How do you use the midpoint rule to approximate the integral #-3x-8x^2dx# from the interval [-1,4] with #n=3#?

Question

Elijah Abram · Accepted Answer

Divide the interval #[-1,4]# into #3# equal width strips.
Find the mid point of each strip and evaluate #f(x)# at that point.
Multiply #f#(strip midpoint#)  xx #strip-width# to get strip area.
Add the strip areas to get approximation of integral. If #[-1,4]# is divided into #3# equal strips then each strip will be
#5/3# wide. The strip mid points will be at
#-0.1667, 1.5,# and # 3.1667# #f(x) = - 3x - 8x^2#
#f(#midpoint of first strip#) = f(-0.1667) = 0.2778#
#f(#midpoint of second strip#) = f(1.5) = - 22.5#
#f(#midpoint of third strip#) = f(3.1667) = - 89.722# Area of first strip #= 0.2778 xx 5/3 = 0.4630#
Area of second strip #= (- 22.5) xx 5/3 = -37.5#
Area of third strip #= (- 89.722) xx 5/3 = -149.537 Total area of strips
#0.4630 + (-37.5) + (-149.537)#
# = - 186.524#
which is our approximation for the integral

Ezekiel Alexander · Answer

undefined To use the midpoint rule to approximate the integral $-3x - 8x^2 \, dx$ from the interval $[-1, 4]$ with $n = 3$, follow these steps:

1. Determine the width of each subinterval: 
   $ \Delta x = \frac{b - a}{n} = \frac{4 - (-1)}{3} = \frac{5}{3} $.

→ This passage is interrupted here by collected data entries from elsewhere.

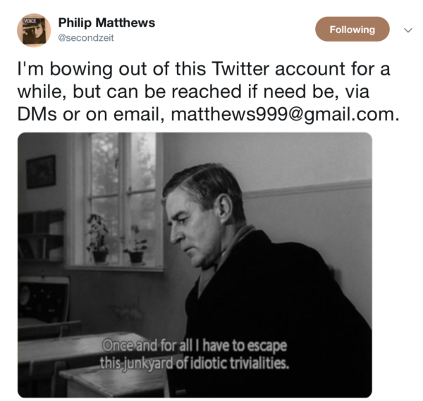 One of the saddest things this year for Twitter in 2018 has been the Action Station Wellington Twitteratti woke mobs who manage to strangle any debate. They have all the nuance of Mao’s cultural revolution and hound any other view off line. Philip Matthews is a critical and important voice in the NZ political Twittersphere, forcing him off line is pretty ugly, the Wellington Twitteratti who have been egging each other to contact his employers to complain will be delighted…
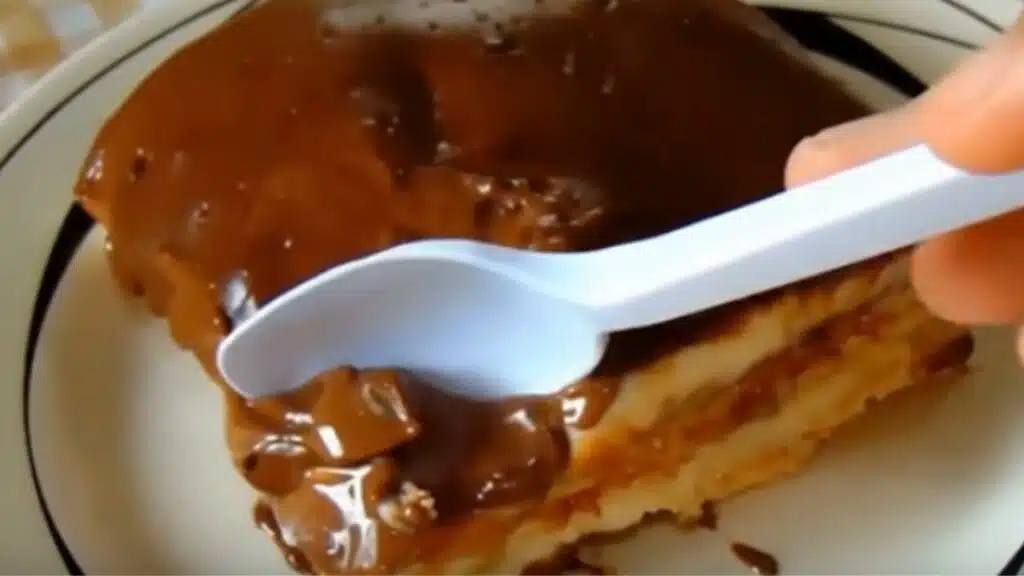 Agora, o próximo passo é levar o chocolate ao leite para derreter em banho maria. Você também pode fazer o procedimento no microondas de 30 em 30 segundos até o chocolate ficar bem molinho. - Retire o Pavê de Bolacha de Geladeira e Adicione a Cobertura
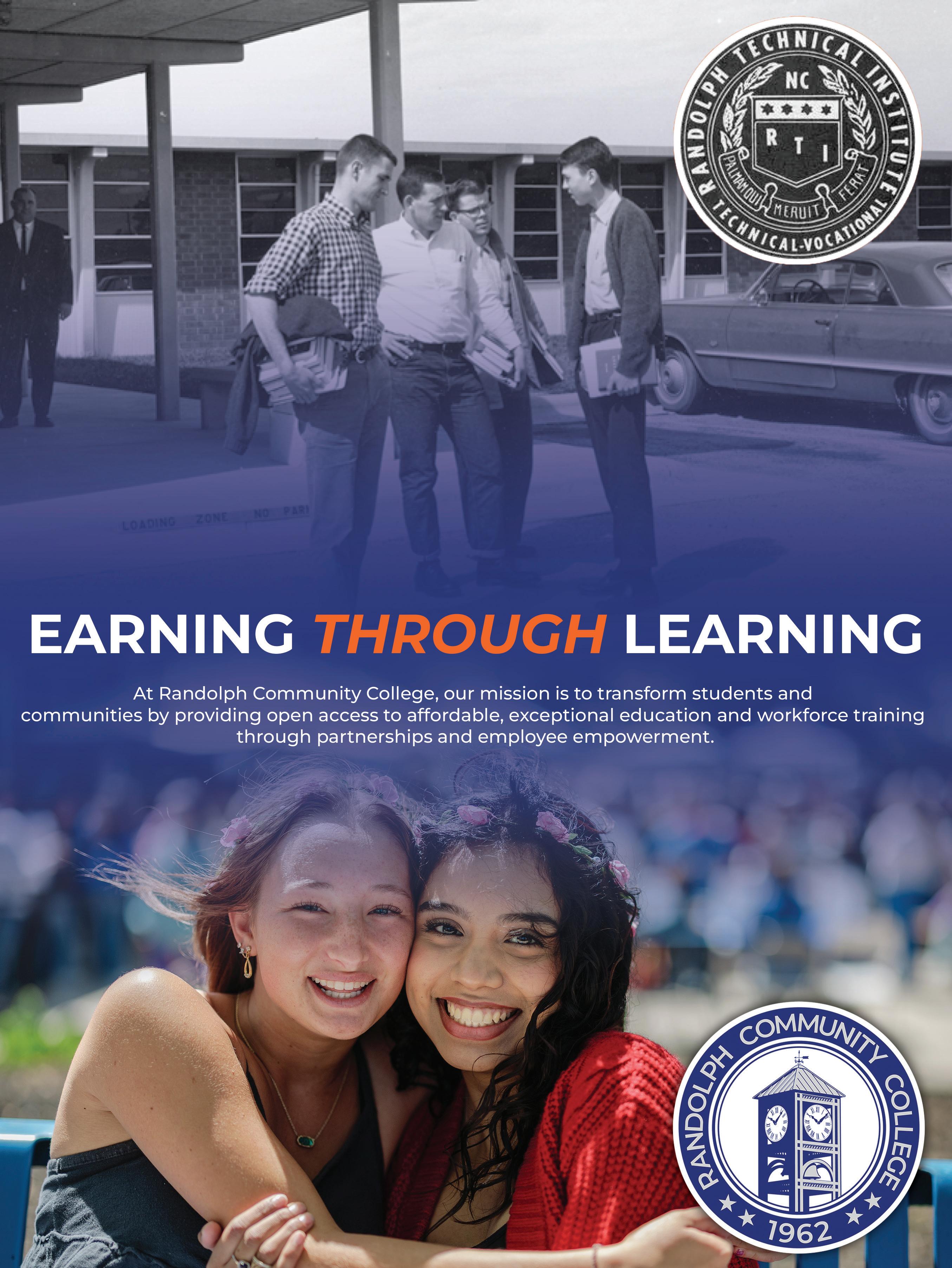 In 1961, Randolph Community College’s first slogan, “Earning Through Learning,” was printed on the first brochure to publicize the new Randolph Industrial Education Center, which opened its doors to students on September 4, 1962. When It opened, the mission of our college was to provide pre-employment and up-grading training for trade and technical occupations for both high school students and adults. Sixty-two years later, Randolph Community College remains committed to our mission as an integral engine of socioeconomic prosperity through significant workforce development services to business and industry, extensive college-transfer programs, technical and trade programs, and community development. Our nationally recognized Apprenticeship Randolph Program is a prime example of “Earning Through Learning,” as students in this program truly do earn while they learn. Randolph Community College has supported local business and industry since 1962 and is now also serving as a lead workforce development partner with Toyota North Carolina, with their $14 billion investment in the county.

2. Identify the midpoints of each subinterval:
   $ x_1 = -1 + \frac{\Delta x}{2} = -1 + \frac{5/3}{2} = -\frac{1}{3} $,
   $ x_2 = -\frac{1}{3} + \frac{5}{3} = \frac{4}{3} $,
   $ x_3 = \frac{4}{3} + \frac{5}{3} = 3 $.

3. Evaluate the function at each midpoint:
   $ f(x_1) = -3(-1/3) - 8(-1/3)^2 $,
   $ f(x_2) = -3(4/3) - 8(4/3)^2 $,
   $ f(x_3) = -3(3) - 8(3)^2 $.

4. Calculate the sum of these function values multiplied by the width of each subinterval:
   $ \text{Approximation} = \Delta x \left[ f(x_1) + f(x_2) + f(x_3) \right] $.

5. Simplify the expression to find the numerical approximation of the integral.